# WHAT THE EXERCISE ASKS
After locating the line that contains "Die Sambagruppe Pulsacao", transcribe exactly that line and each one after it until the data ends, skipping pictures.

╔══

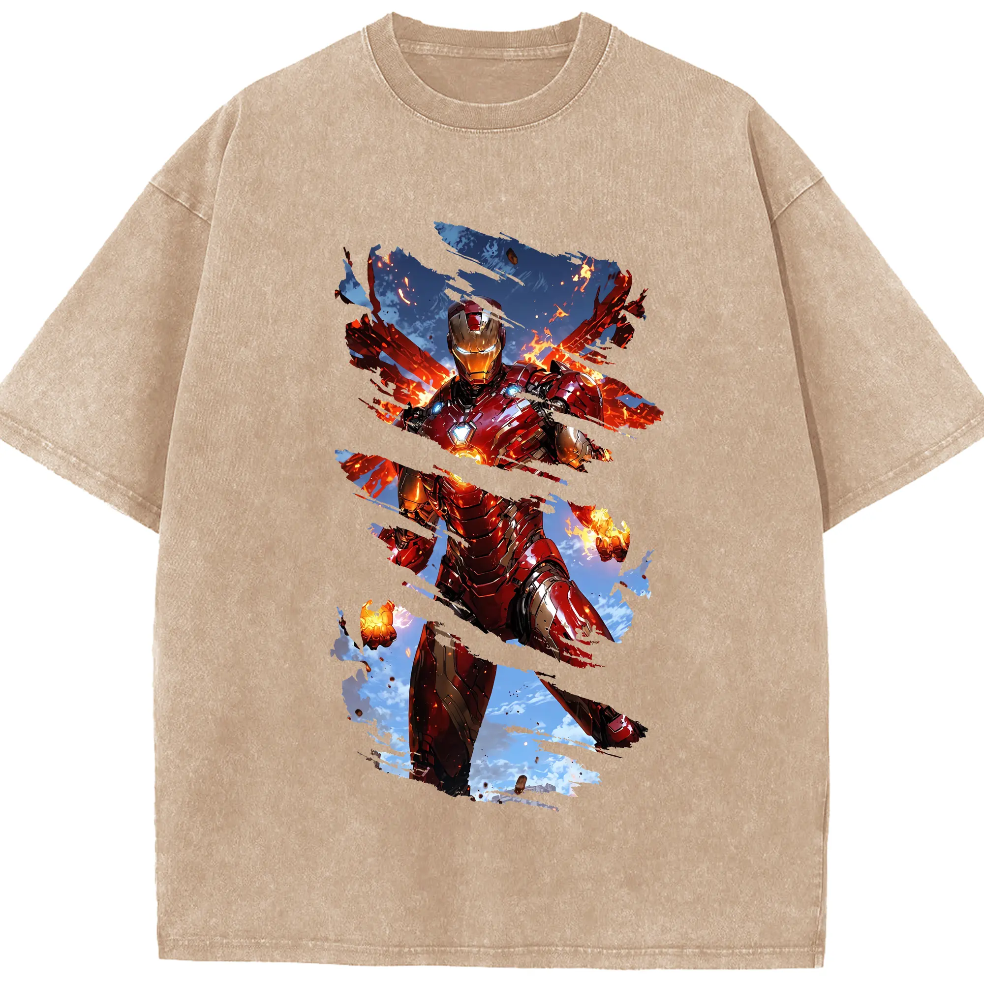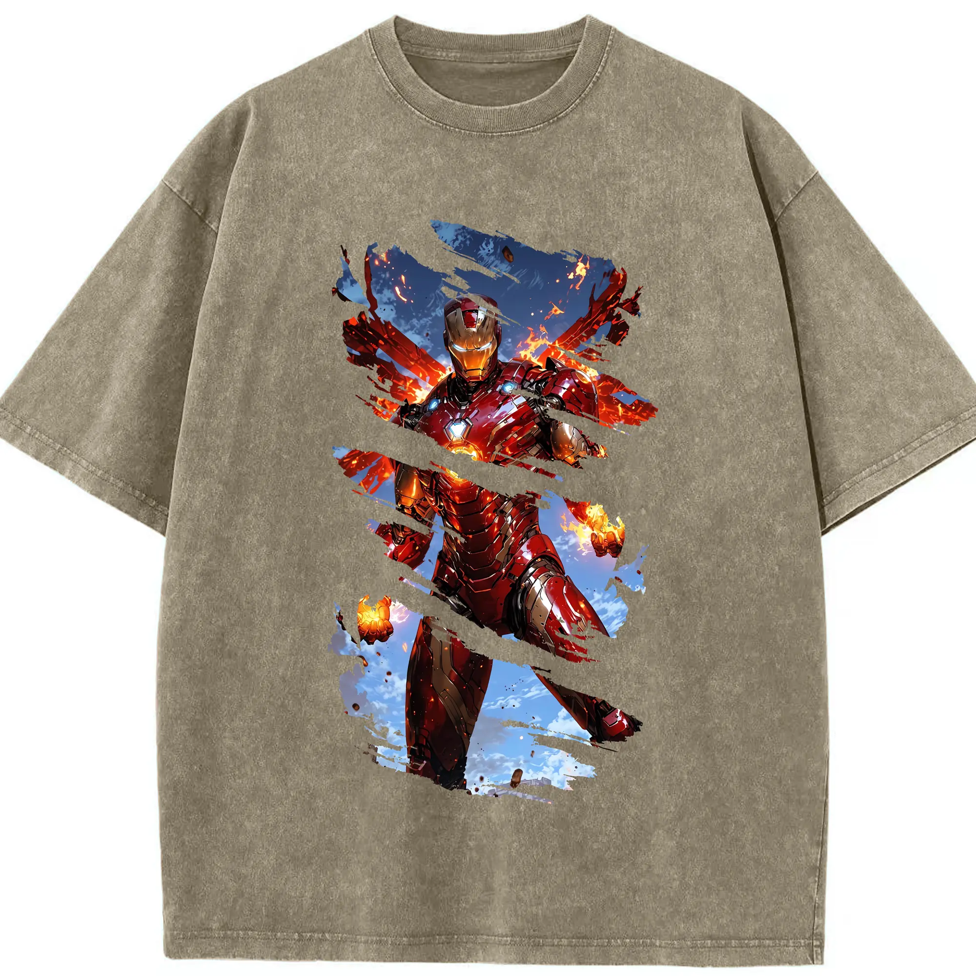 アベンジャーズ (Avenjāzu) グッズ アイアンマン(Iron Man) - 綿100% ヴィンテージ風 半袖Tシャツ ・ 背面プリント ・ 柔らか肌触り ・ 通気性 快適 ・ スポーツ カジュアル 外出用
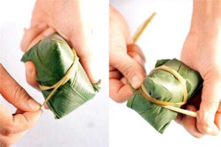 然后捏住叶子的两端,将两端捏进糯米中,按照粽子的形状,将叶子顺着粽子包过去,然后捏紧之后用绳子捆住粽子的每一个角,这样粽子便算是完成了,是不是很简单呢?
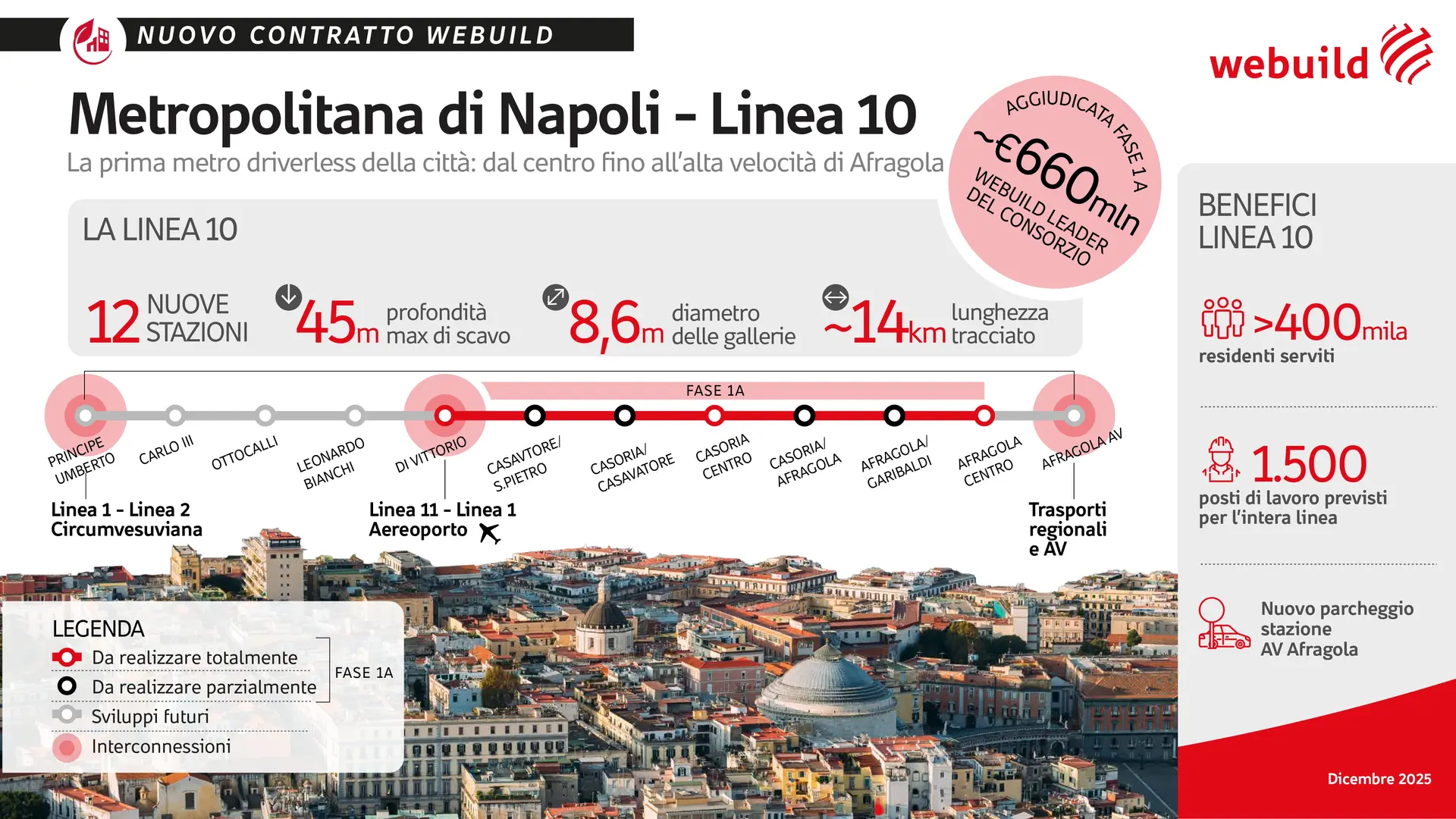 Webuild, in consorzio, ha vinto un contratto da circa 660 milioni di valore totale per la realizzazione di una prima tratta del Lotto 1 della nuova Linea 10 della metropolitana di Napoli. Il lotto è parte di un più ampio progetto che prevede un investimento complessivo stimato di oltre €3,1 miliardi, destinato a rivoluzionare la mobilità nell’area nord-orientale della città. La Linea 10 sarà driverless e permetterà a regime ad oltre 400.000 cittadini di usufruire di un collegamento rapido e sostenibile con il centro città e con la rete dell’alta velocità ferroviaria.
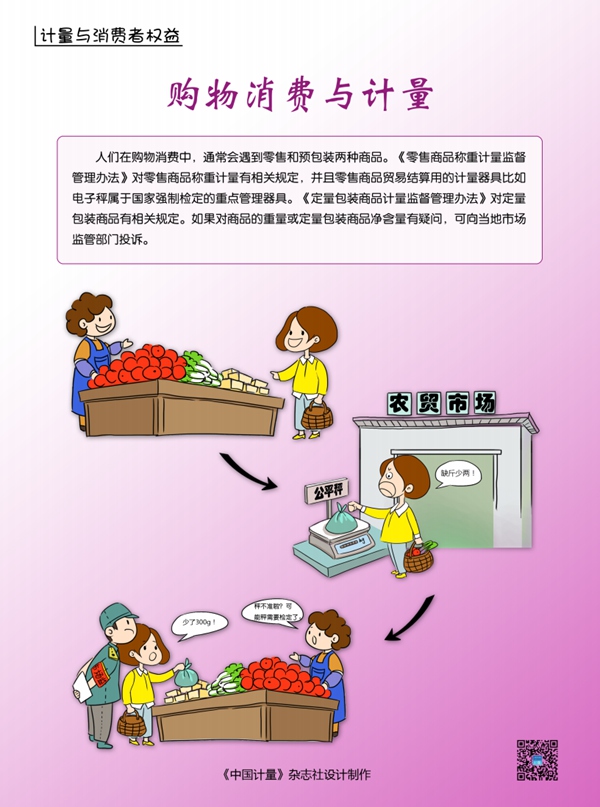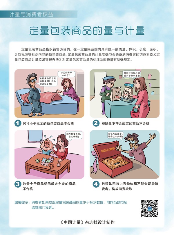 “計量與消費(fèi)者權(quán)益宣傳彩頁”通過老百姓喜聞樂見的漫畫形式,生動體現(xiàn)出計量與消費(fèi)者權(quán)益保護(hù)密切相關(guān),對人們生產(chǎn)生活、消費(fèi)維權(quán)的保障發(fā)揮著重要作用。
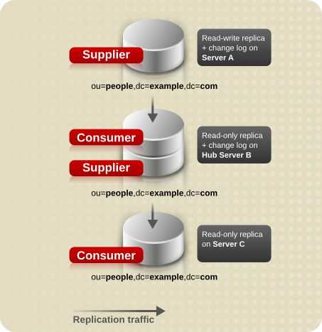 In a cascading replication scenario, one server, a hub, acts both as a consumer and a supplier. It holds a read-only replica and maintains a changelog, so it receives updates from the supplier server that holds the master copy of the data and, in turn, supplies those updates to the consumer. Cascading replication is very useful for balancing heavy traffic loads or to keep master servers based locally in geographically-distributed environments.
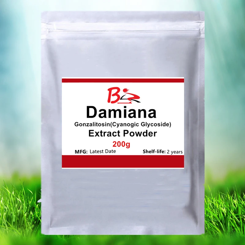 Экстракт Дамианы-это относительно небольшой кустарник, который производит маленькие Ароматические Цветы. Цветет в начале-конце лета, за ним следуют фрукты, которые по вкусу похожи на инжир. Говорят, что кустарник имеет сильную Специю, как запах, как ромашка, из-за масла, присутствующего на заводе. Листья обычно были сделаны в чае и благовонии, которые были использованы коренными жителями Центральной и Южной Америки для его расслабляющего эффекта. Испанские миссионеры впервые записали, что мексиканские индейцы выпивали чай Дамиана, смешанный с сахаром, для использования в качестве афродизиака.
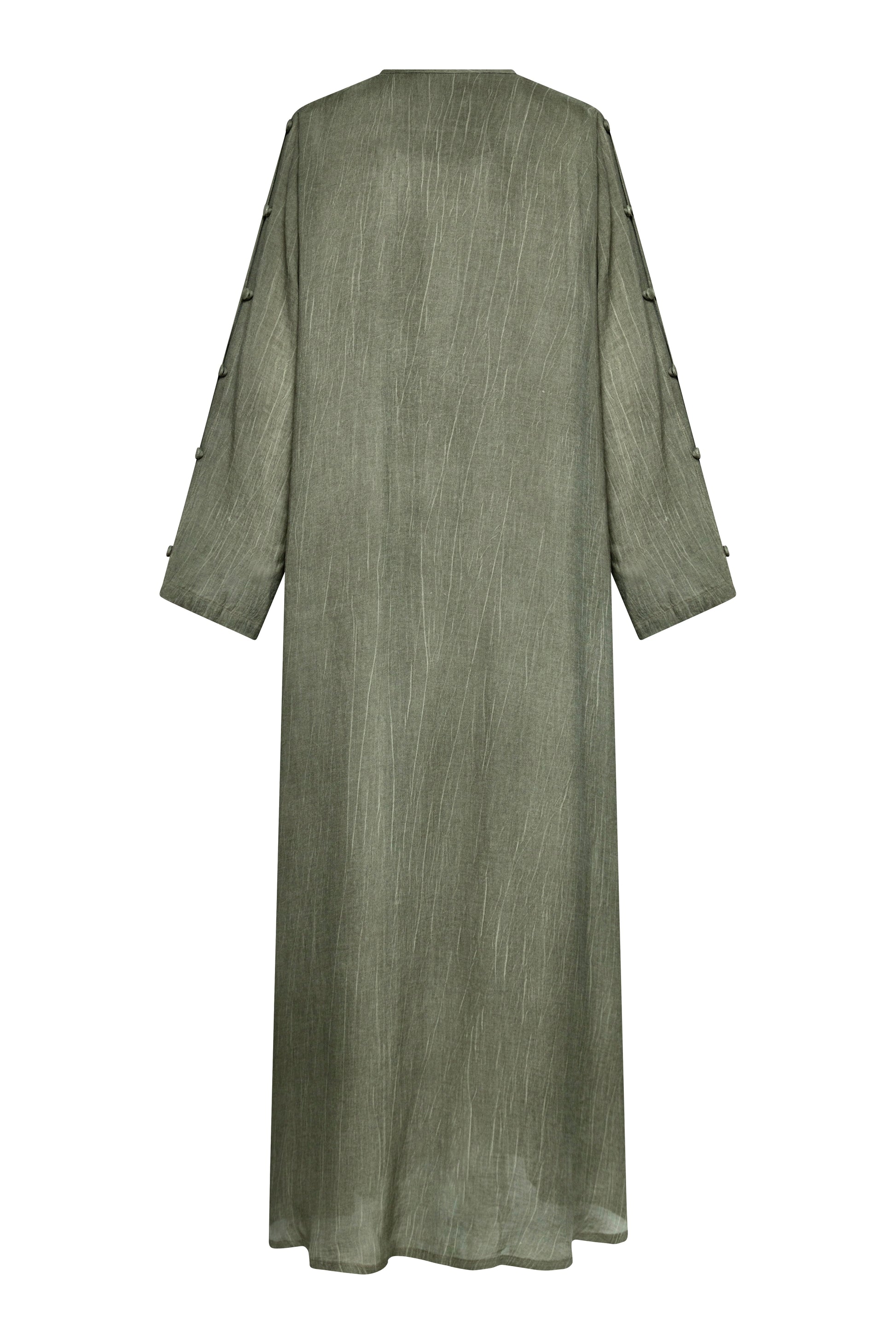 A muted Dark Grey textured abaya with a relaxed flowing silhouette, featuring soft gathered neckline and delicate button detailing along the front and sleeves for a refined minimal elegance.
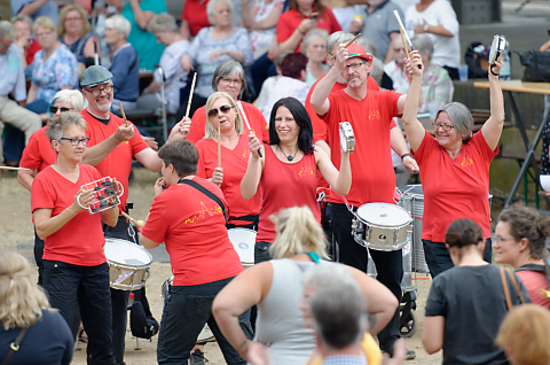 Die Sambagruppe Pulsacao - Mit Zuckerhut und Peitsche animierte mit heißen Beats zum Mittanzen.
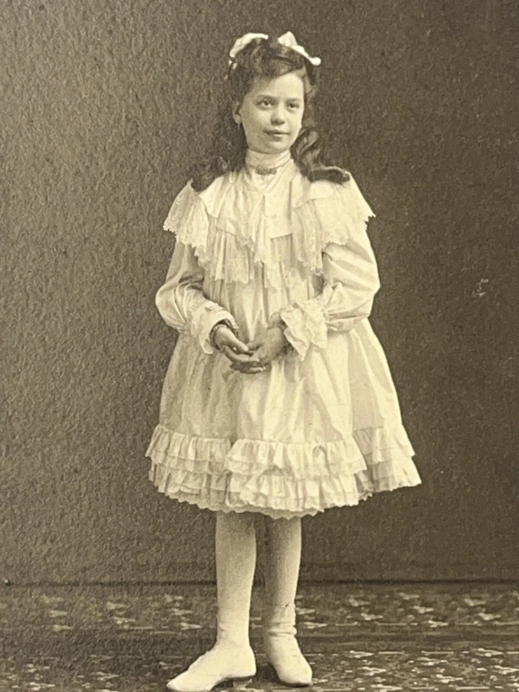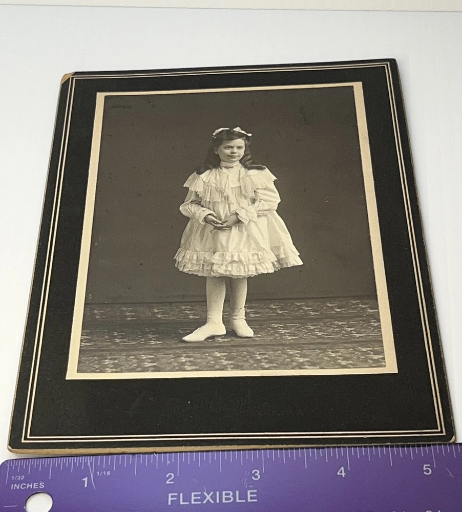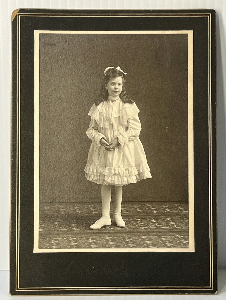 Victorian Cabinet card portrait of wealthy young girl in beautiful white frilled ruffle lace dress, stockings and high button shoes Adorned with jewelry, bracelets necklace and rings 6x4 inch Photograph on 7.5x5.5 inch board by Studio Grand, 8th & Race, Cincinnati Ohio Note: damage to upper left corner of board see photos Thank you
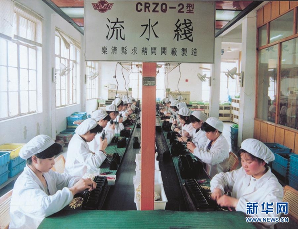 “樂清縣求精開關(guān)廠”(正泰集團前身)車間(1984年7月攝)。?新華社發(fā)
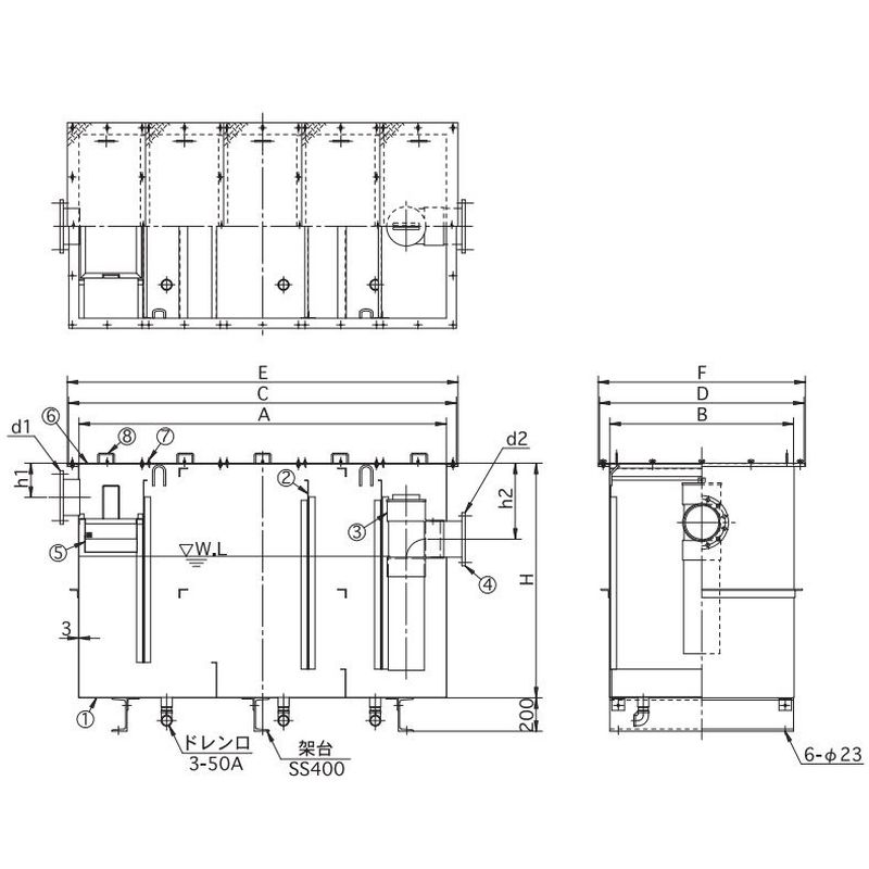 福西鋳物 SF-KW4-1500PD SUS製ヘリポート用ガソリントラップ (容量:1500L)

╚══

# EXERCISE ANSWER
 Die Sambagruppe Pulsacao - Mit Zuckerhut und Peitsche animierte mit heißen Beats zum Mittanzen.
 Victorian Cabinet card portrait of wealthy young girl in beautiful white frilled ruffle lace dress, stockings and high button shoes Adorned with jewelry, bracelets necklace and rings 6x4 inch Photograph on 7.5x5.5 inch board by Studio Grand, 8th & Race, Cincinnati Ohio Note: damage to upper left corner of board see photos Thank you
 “樂清縣求精開關(guān)廠”(正泰集團前身)車間(1984年7月攝)。?新華社發(fā)
 福西鋳物 SF-KW4-1500PD SUS製ヘリポート用ガソリントラップ (容量:1500L)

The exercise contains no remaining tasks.